METHODS: Term human uterine samples were collected during cesarean. Term pregnant rat uterine samples were collected for comparison. Isometric tension was measured to determine the effect of propofol on spontaneous (SMC) and oxytocin (1mU/ml) augmented muscle contraction (AMC) on strips of myometrium. Western immunoblotting was used to study cellular mechanisms.

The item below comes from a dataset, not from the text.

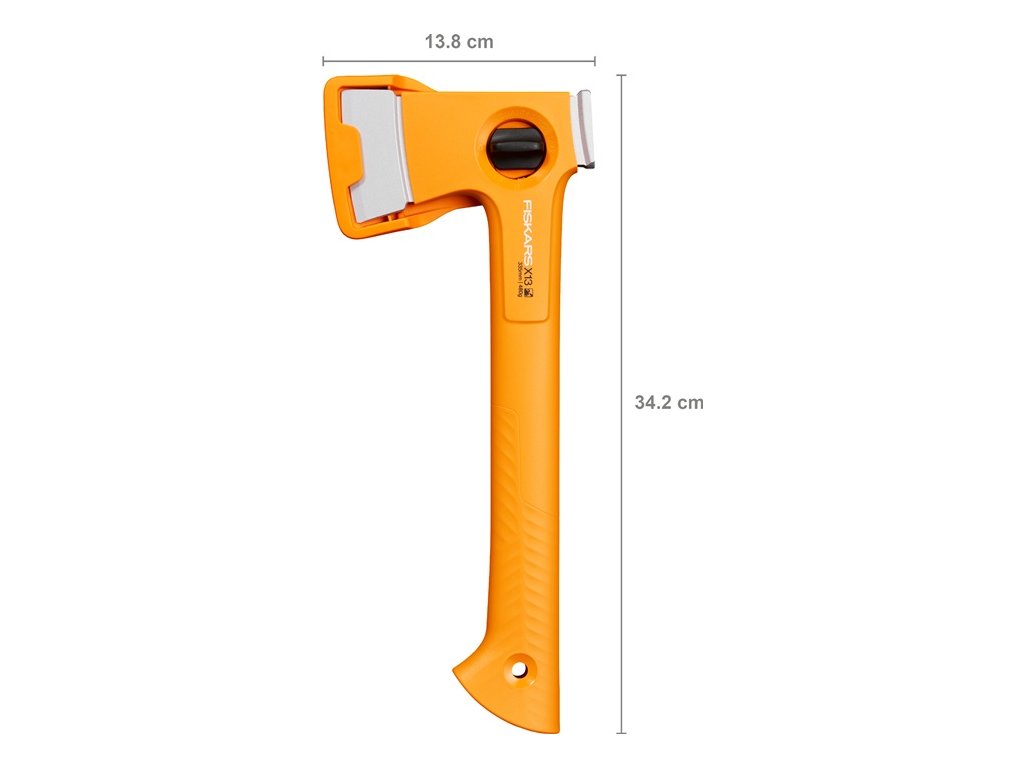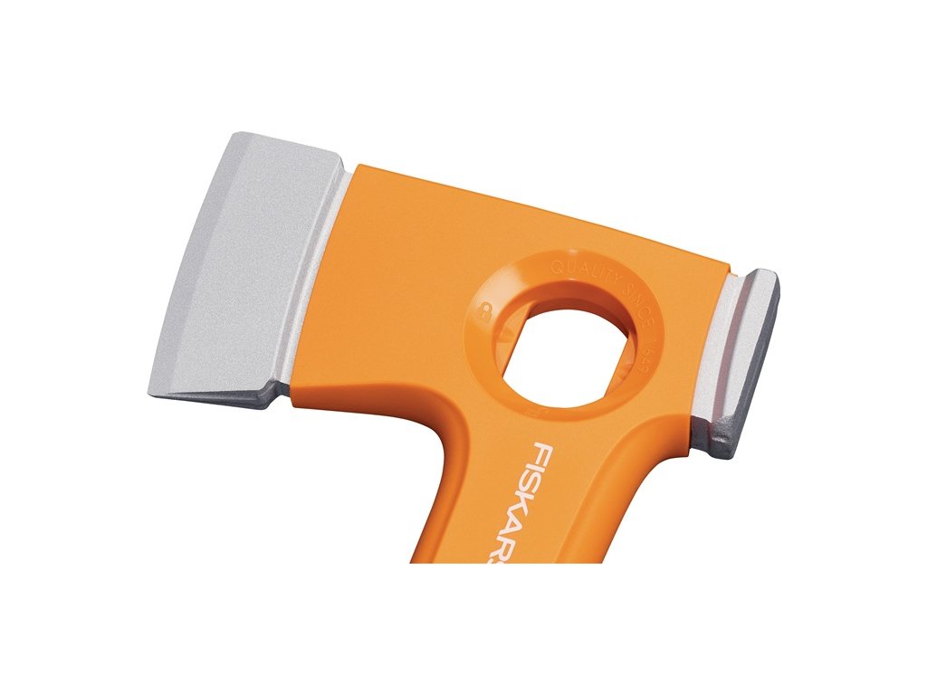 ultraľahká, kompaktná sekera na sekanie dreva pri kempovaní a vo voľnom čase - špeciálne čepele Fiskars s povrchovou úpravou a dvojitým kalením - jasná oranžová farba násady FiberComp, extrémne ľahká - špeciálna zadná časť sekery s funkciou kladivaDodatočné parametre
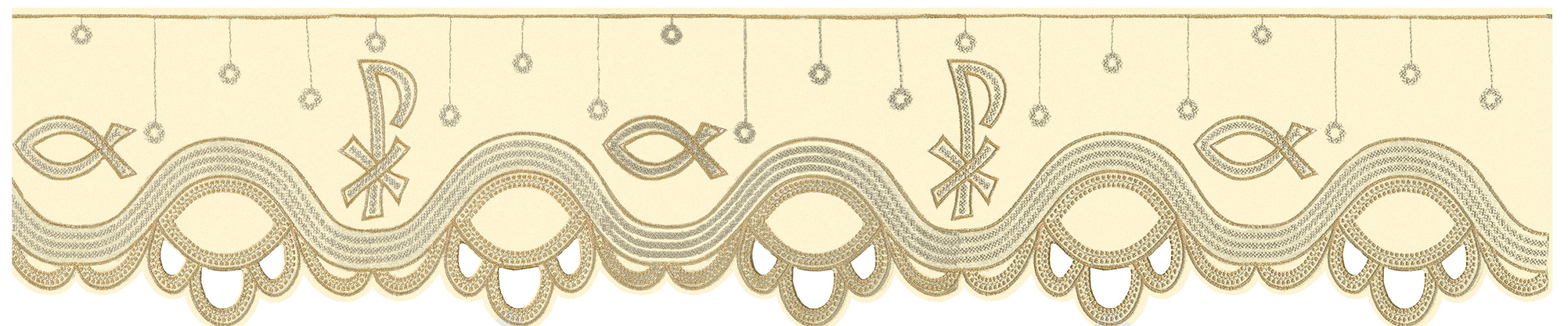 Antependium en polyester brodé de motifs Chiro et de poissons. Hauteur 21 cm, longueur 7 mètres. Pour parer vos autels aux couleurs liturgiques.

RESULTS: The effect of propofol on SMC and AMC was assessed in rat uterine muscle and a non-cumulative dose-response curve to propofol (10-6 to 3.16x10-4 M) was built. The sensitivities of SMC and AMC to propofol were similar with IC50's around 100uM (10-4M) (SMC: mean±SE 93.7±10.47uM, n=7; AMC: 87.9±5.23uM n=7). Inhibition by propofol was rapidly and fully reversible (5.5±1 min to reach 50% and 22.7 ± 2.9min to reach 90% of maximal force). In human uterine muscle, 10-5M propofol inhibited oxytocin AMC (10-9M to 10-6M; p<0.05). To explore the cellular mechanism of propofol-induced relaxation, we compared the effect of propofol on the thin-filament and thick-filament regulation. Oxytocin increased the phosphorylation of ERK1/2 (extracellular signal-regulated kinase) (2.79±0.25 vs. 1.04±0.03 in control group, n=5), but failed to activate p-CAD (phospho-Caldesmon) - the end target of thin-filament regulation (1.04±0.04 vs. 1.06±0.02 in control group). Propofol inhibited neither p-ERK1/2 (2.39±0.36 vs. 2.79±0.25 in oxytocin group) nor p-CAD (1.07±0.05 vs. 1.04±0.04 oxytocin group), indicating that thin-filament regulation plays no role either in oxytocin AMC or propofol inhibitory effect. We examined the end target of thick-filament regulation (calcium dependent pathway): oxytocin increased myosin light chain phosphorylation (p-MLC) (1.64±0.62 vs. 1.04± 0.13 in control group). And Propofol inhibited oxytocin-activated p-MLC (1.03±0.2 vs. 1.64±0.62 in oxytocin group).
CONCLUSION: Oxytocin contraction is mediated via calcium-dependent pathway and activation of MLC. Propofol inhibits oxytocin AMC and attenuates oxytocin-induced MLC phosphorylation. The extremely high IC50 of propofol (120x higher than concentration of propofol induction dose) and complete recovery suggests that clinical propofol use doesn’t contribute to uterine atony, or increase the risk of postpartum hemorrhage.
Ref. Anaeth Intensive Care 1990;18:180-4.